> TASK STATEMENT
Omit every picture and output the rest of the records exactly as they are.

> SOURCE DATA
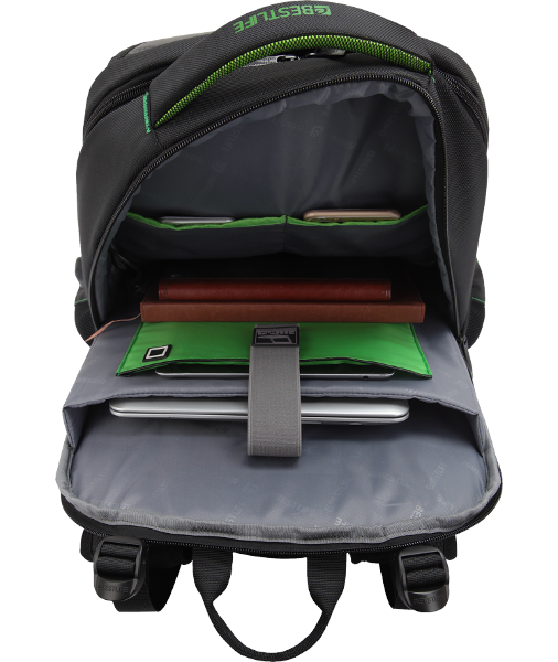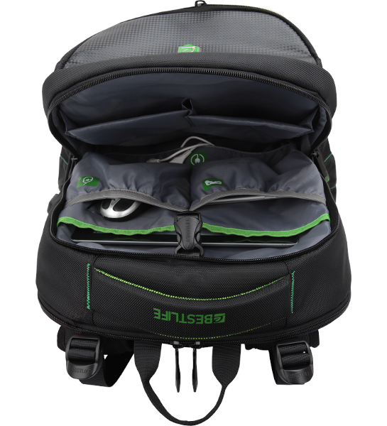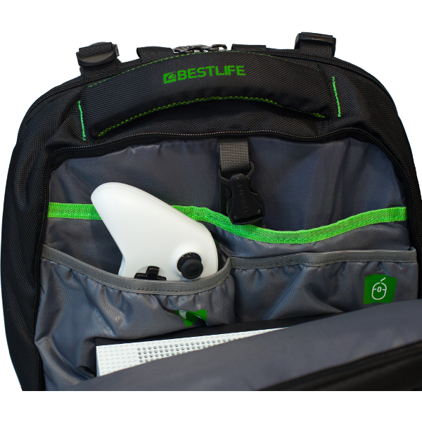 Funkční přihrádky pro myš, klávesnici, kabel, 3 velké přihrádky pro notebook, herní konzole a kapsa na tablet.
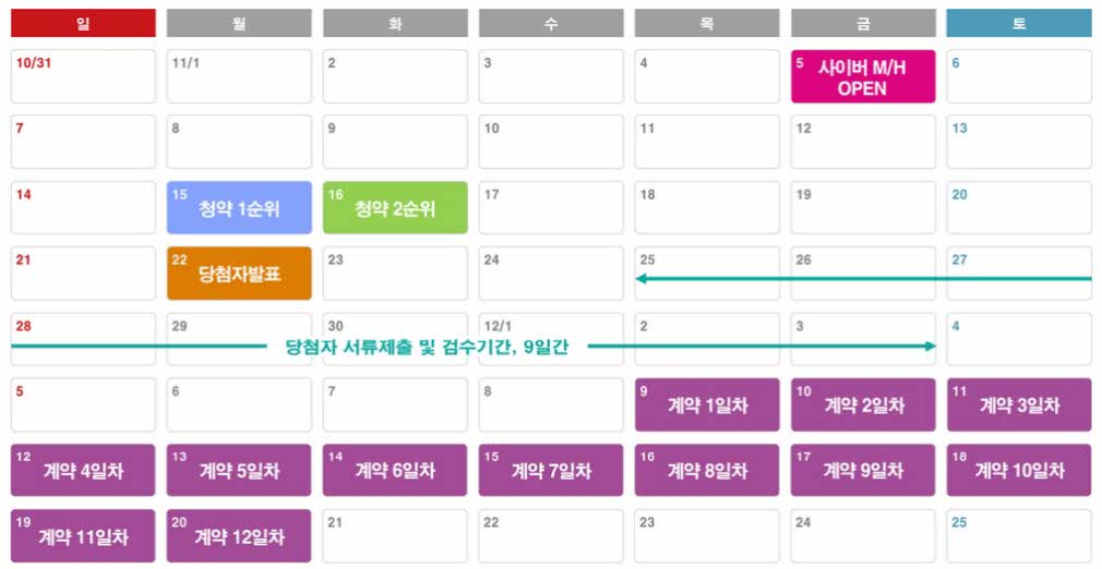 - 11.15일 1순위 청약, 11.16일 2순위 청약(특별공급 없음)
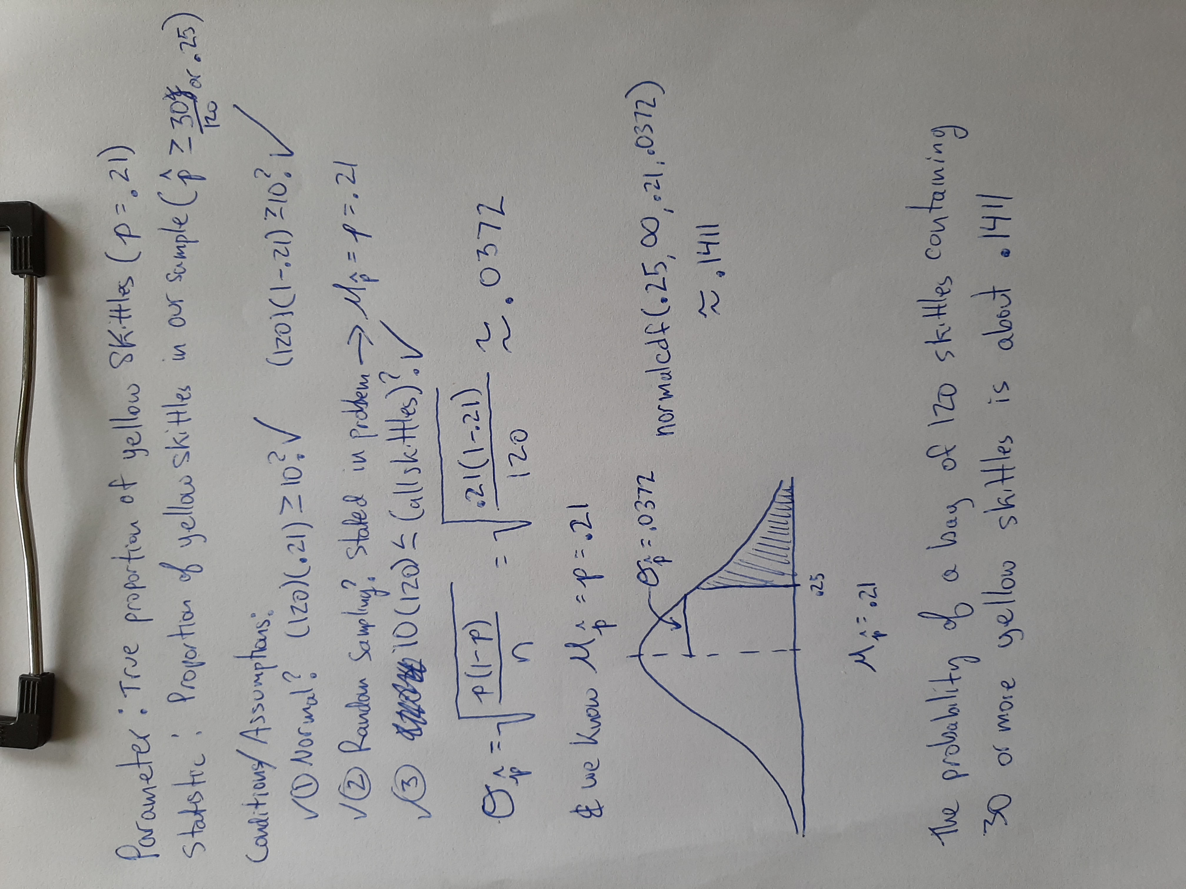 Below are a few additional questions related to sampling distributions for proportions. These are the sorts of questions that you'll be expected to answer on an AP test. Be sure to check all necessary conditions and show all work. Do your work on paper and upload a scanned image for the questions below. See the example below for what an exemplary response looks like for these types of problems.
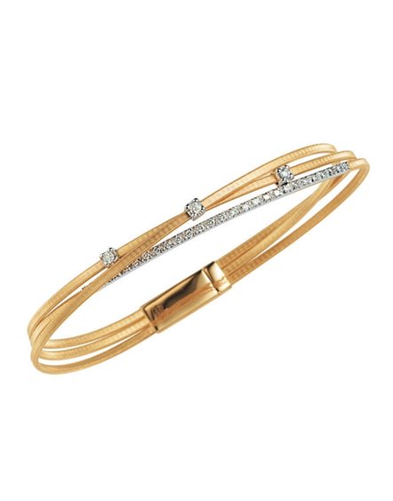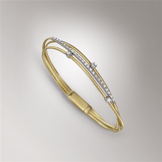 Pulsera de 3 hilos en oro amarillo y diamantes. procesamiento de la mano con la técnica de secuencia de la guitarra.
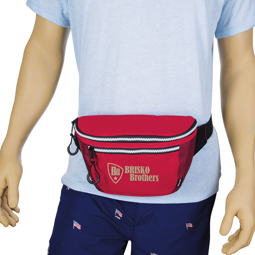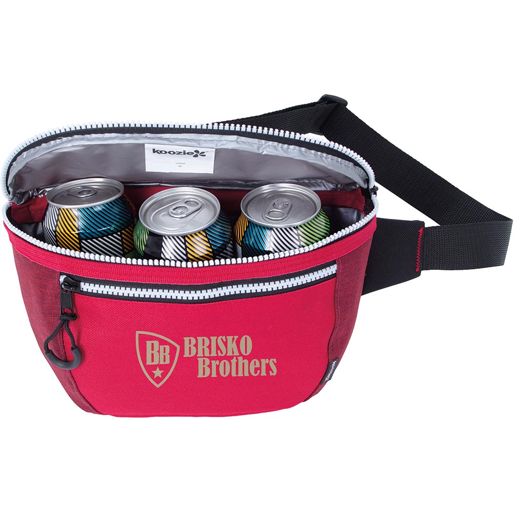 Keep your drinks cool while also looking cool in this insulated fanny pack! Main zippered compartment. Front zippered pocket. Adjustable waist strap with buckle closure. Heat-sealed PEVA liner. Keeps cool with ice packs. Price includes one color, one location imprint.
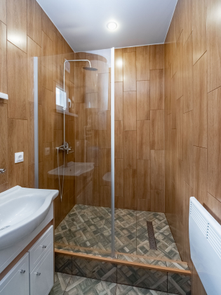 - керамогранит на стенах и полу ( с гидроизоляцией)
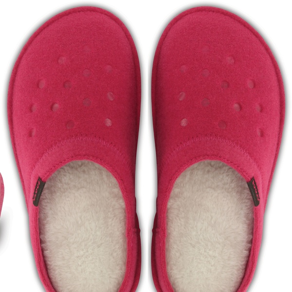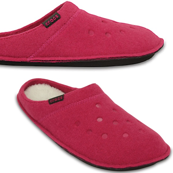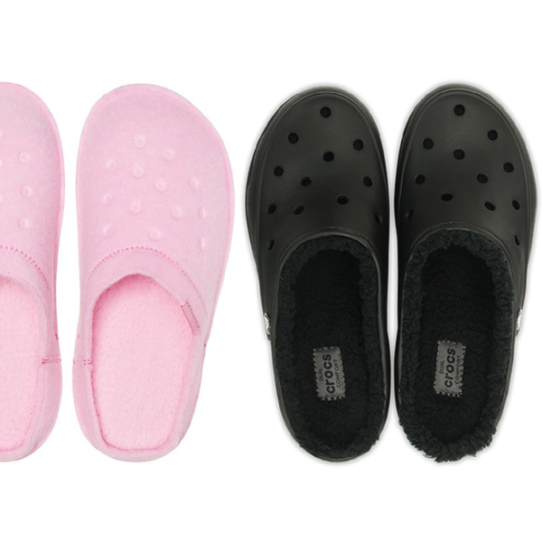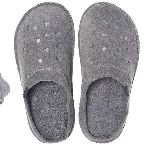 Featuring the classic hole pattern along with soft and fuzzy design, these slippers are ideal for padding around the house
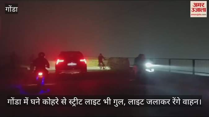 VIDEO : गोंडा में घने कोहरे से स्ट्रीट लाइट भी गुल, लाइट जलाकर रेंगे वाहन

> ANSWER
 Funkční přihrádky pro myš, klávesnici, kabel, 3 velké přihrádky pro notebook, herní konzole a kapsa na tablet.
 - 11.15일 1순위 청약, 11.16일 2순위 청약(특별공급 없음)
 Below are a few additional questions related to sampling distributions for proportions. These are the sorts of questions that you'll be expected to answer on an AP test. Be sure to check all necessary conditions and show all work. Do your work on paper and upload a scanned image for the questions below. See the example below for what an exemplary response looks like for these types of problems.
 Pulsera de 3 hilos en oro amarillo y diamantes. procesamiento de la mano con la técnica de secuencia de la guitarra.
 Keep your drinks cool while also looking cool in this insulated fanny pack! Main zippered compartment. Front zippered pocket. Adjustable waist strap with buckle closure. Heat-sealed PEVA liner. Keeps cool with ice packs. Price includes one color, one location imprint.
 - керамогранит на стенах и полу ( с гидроизоляцией)
 Featuring the classic hole pattern along with soft and fuzzy design, these slippers are ideal for padding around the house
 VIDEO : गोंडा में घने कोहरे से स्ट्रीट लाइट भी गुल, लाइट जलाकर रेंगे वाहन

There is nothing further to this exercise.